TSpTrayIcon. TSpTrayIcon component allows you to insert your own icon into the system tray. This component will let you show or hide the icon, dynamically change the hint or the picture of the icon, and handle mouse events: click, double click etc. which occur while the mouse cursor is above the icon on the system tray.

TSpAlignBox. This is a special control that allows to add a set of speed buttons to the right side of any windowed control. TSpAlignBox control is most useful when used with an instance of the TComboBox control. Usage of TSpAlignBox together with ComboBox allows to add additional buttons at the right side of the ComboBox's dropdown button. These additional buttons could be used to execute special actions with the edit content or dropdown list of the ComboBox.
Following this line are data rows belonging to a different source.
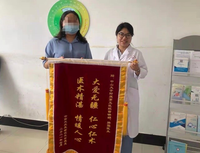 患者为曾映娟和孙莹送锦旗(来源:附属第五医院)
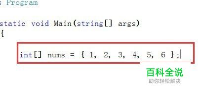 接着我们在for循环里调用输出命令 Console.WriteLine(nums[i]);,来输出每个元素
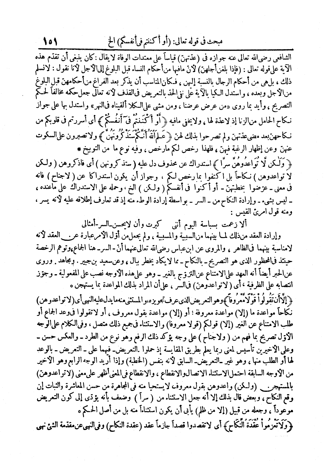 الشافعي رضي الله تعالى عنه جوازه في عدتهن قياسا على معتدات الوفاة لا يقال : كان ينبغي ان تقدم هذه الآية على قوله تعالى : فإذا بلغن أجلهن لأن ما فيها من أحكام النساء قبل البلوغ إلى الأجل لأنا نقول : لا نسلم ذلك بل هي من أحكام الرجال بالنسبة إليهن فكان المناسب أن يذكر بعد الفراغ من أحكامهن قبل البلوغ من الأجل وبعده وأستدل الكيا بالآية على نفي الحد بالتعريض في القذف لأنه تعالى جعل حكمه مخالفا لحكم التصريح وأيد بما روى من عرض عرضنا ومن مشى على الكلا ألقيناه في النهر وأستدل بها على جواز نكاح الحامل من الزنا إذ لا عدة لها ولا يخفى ما فيه أو أكننتم في أنفسكم أي أسررتم في قلوبكم من نكاحهن بعد مضي عدتهن ولم تصرحوا بذلك لهن علم الله أنكم ستذكرونهن ولا تصبرون على السكوت عنهن وعن إظهار الرغبة فيهن فلهذا رخص لكم ما رخص وفيه نوع ما من التوبيخ
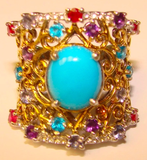This pretty sterling silver ring is set with glass stones – but you wouldn’t necessarily clock it as costume. This is from Ruby Lane seller Jewelpigs, and sells for USD$48.

TSpPrintLabel. Many database applications require that labels be printed. An obvious example that springs to mind is the production of standard mailing or shipping labels that are peeled from a backing and applied to packages or large envelopes. A trip to your office supply store immediately shows that an entire industry has emerged just to produce sheets or rolls of every imaginable label format. TSpPrintLabel that can automatically generate mailing labels, disk labels, VCR cassette labels, file folder labels, labels for 35mm slides, business cards, index cards, name badges, envelopes and more. Altogether, TSpPrintLabel can print over 400 different standard labels and envelopes. Furthermore you can create your own custom label dimensions if you are working with labels not in the label library. With a small bit of layout effort on your part, and a few lines of programming, your labels will start printing flawlessly and effortlessly. Almost every database and business application you write will instantly benefit from this powerful new feature.

TSpCollapser. Use this component together with an Instance of TSpPrintLabel when you need to remove empty fields during printout. For example, the component solves the problem of blank lines in an address label when a field is empty.